A probablistic framework for mapping audio-visual features to high-level semantics in terms of concepts and context
暂无分享,去创建一个
Multimedia content is an essential part of information technology. However, the difficulty in filtering, searching, and summarizing video has so far hindered the effective utilization of video databases. Users want to filter and query video by high-level (semantic) concepts, while automatic algorithms can extract only low-level features (e.g., color, texture, shape, amount of motion). Bridging this gap is thus the most challenging problem in video (multimedia) indexing, retrieval, and filtering.
In this thesis we develop a probabilistic framework for mapping low-level features to high-level semantics. This framework consists of representation of concepts using probabilistic multimedia objects (multijects) and representation of contextual constraints of such objects called the multinet. To extract semantics from video, we approach the problem of video understanding as a pattern recognition problem. We develop a framework for modeling the concepts and the context of video content.

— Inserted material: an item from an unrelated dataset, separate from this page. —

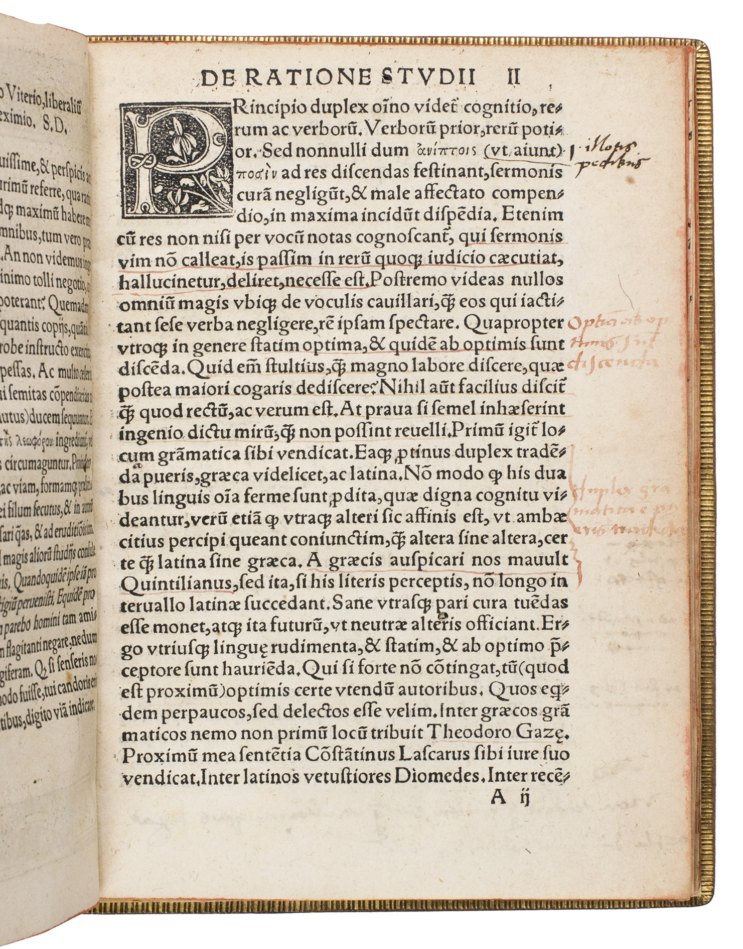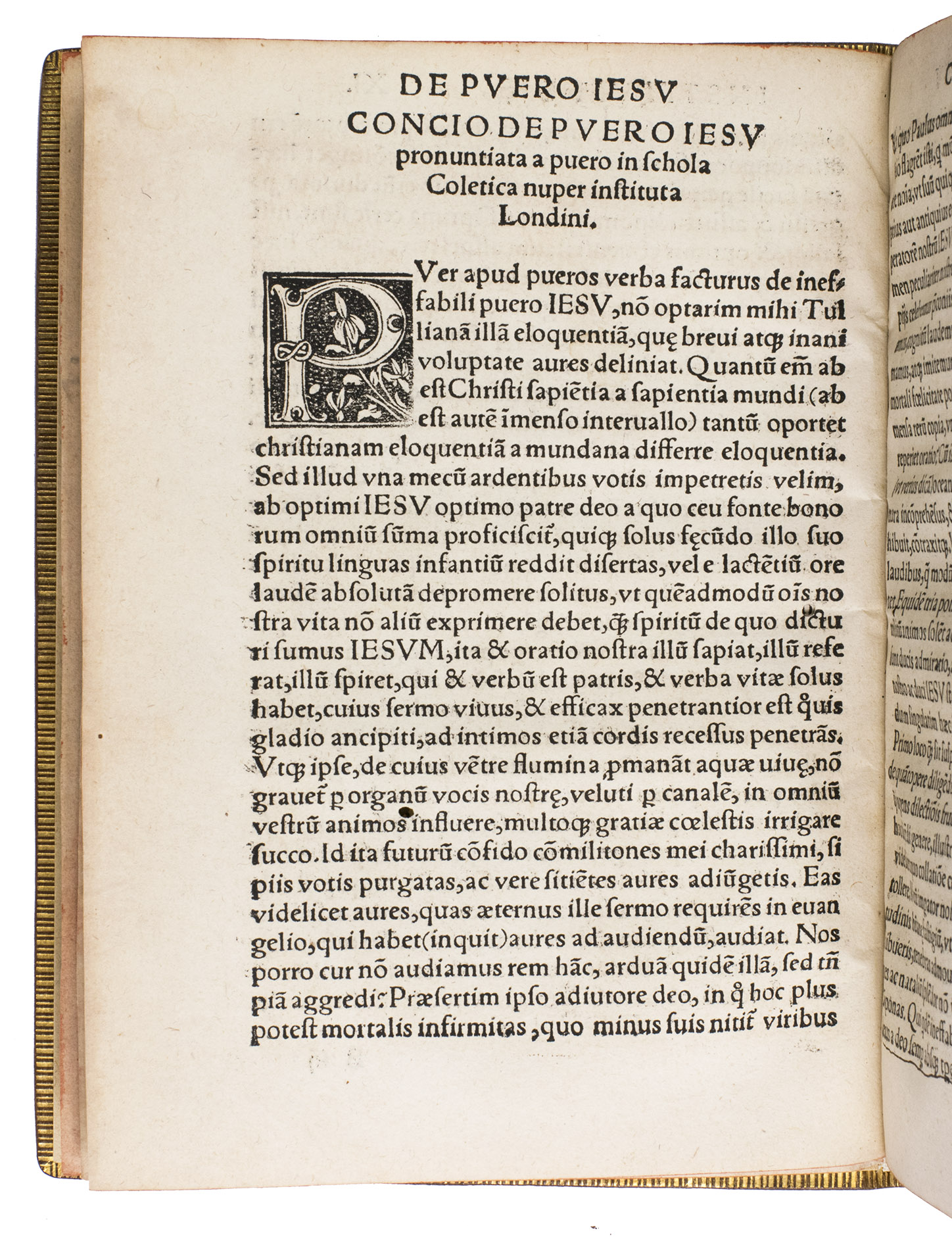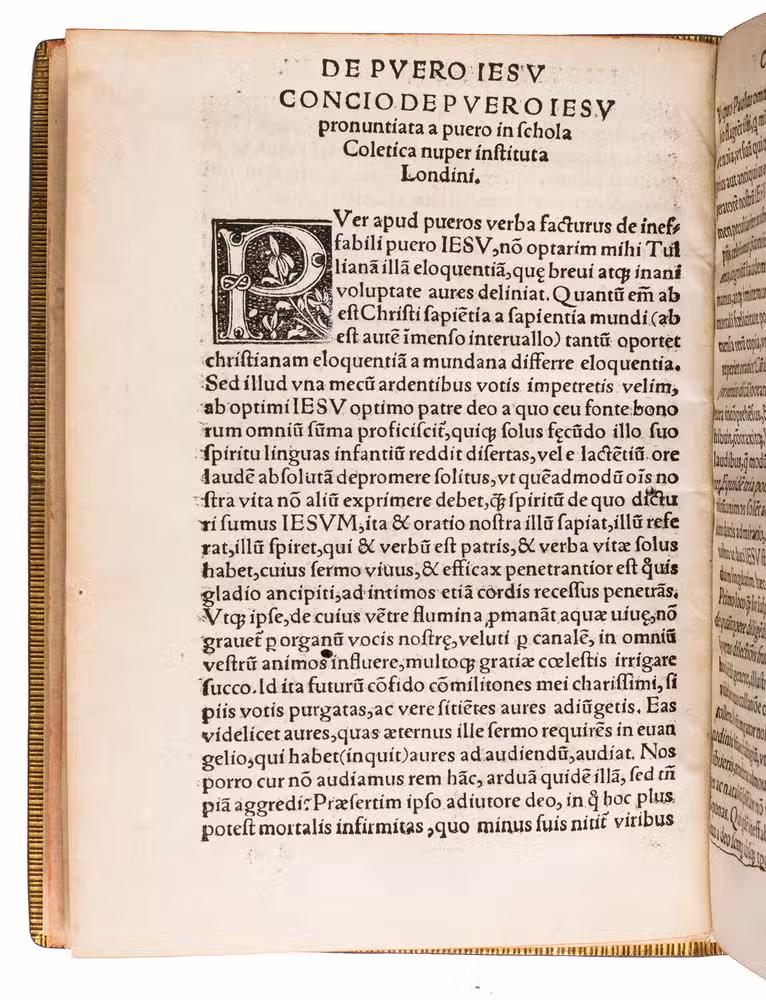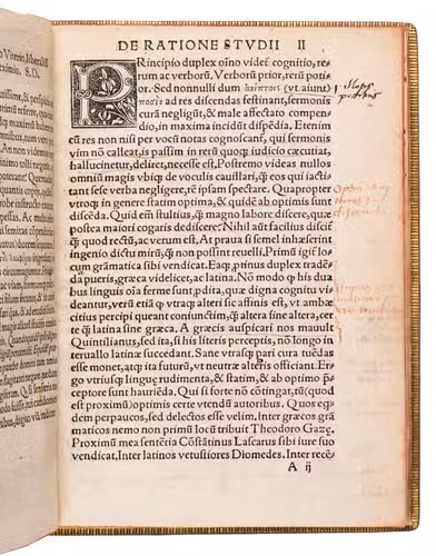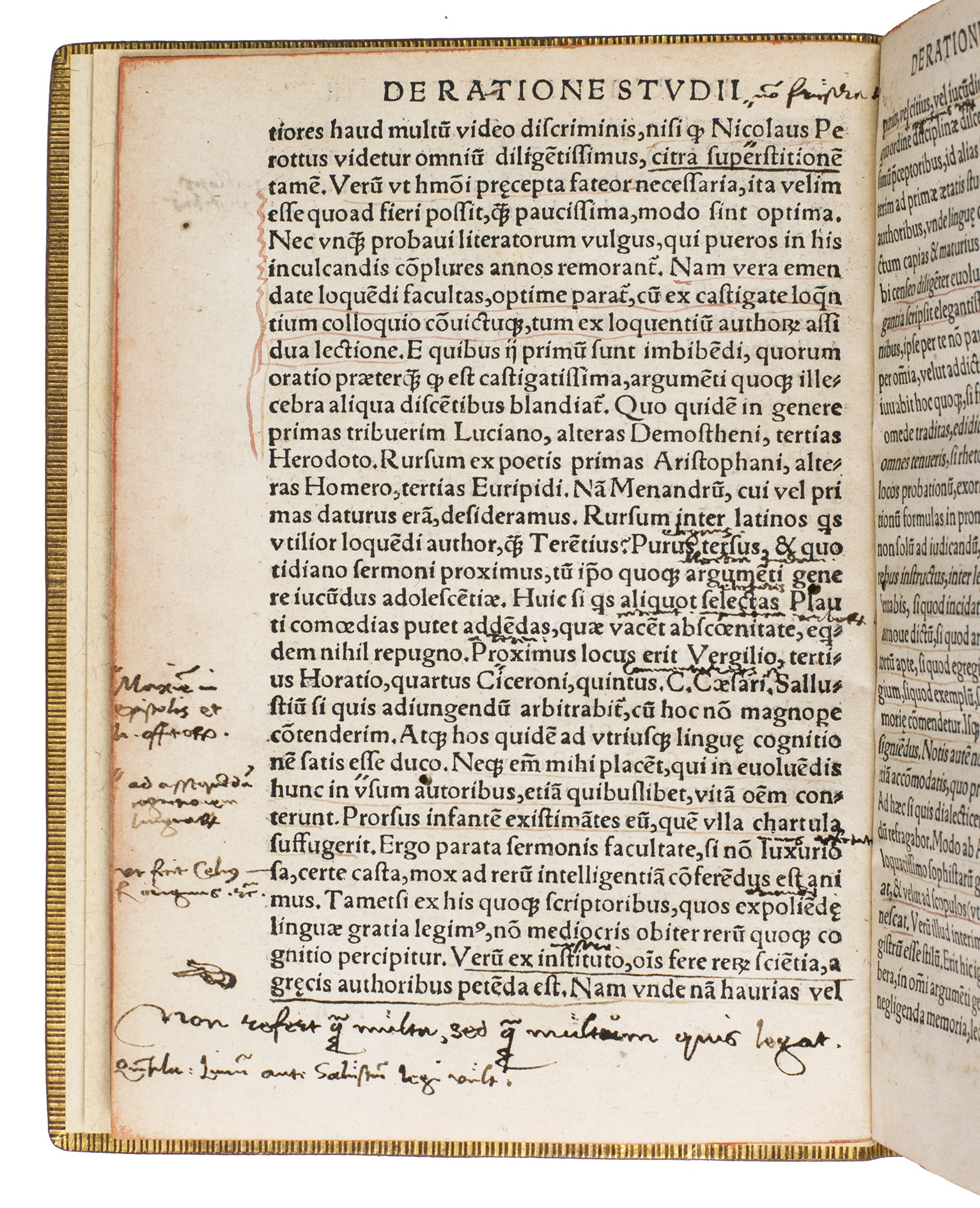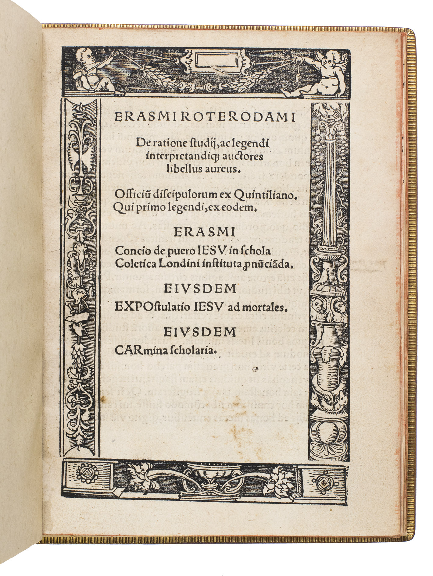 Early edition of Erasmus seminal educational treatise De ratione studii, here presented alongside several other influential pedagogical and devotional texts. It further includes: Officium discipulorum ex Quintiliano (The duties of students according to Quintilian), including a section on the first stages of learning to read, also derived from Quintilian, a sermon on the child Jesus by Erasmus, intended for delivery at the Colet School in London, a lament of Jesus addressed to mankind, and a collection of school poems.

Innovative claims of this research include the following: (1) Efficient and generic probabilistic methods for generating a multimedia lexicon of multijects representing semantic concepts consisting of objects, sites, and events using audio and visual features. This is achieved by using probabilistic pattern recognition techniques for fusing multiple modalities. (2) Probabilistic graphical methods for discovering relationships between different semantic concepts and using these relationships to enforce contextual constraints. This leads to enhanced detection of existing concepts and facilitates detection of concepts not observable directly
To alleviate the burden of labeling large data sets for the supervised training of the multiject models, we also present a technique to train models using a partially labeled data set. To support query by audiovisual content, we also implement an algorithm based on the principle of dynamic programming. We also incorporate relevance feedback for this paradigm of query.
The framework is flexible and generic and can therefore be applied easily to applications such as semantic video indexing and filtering, human-computer intelligent interaction, surveillance, and Internet multimedia management.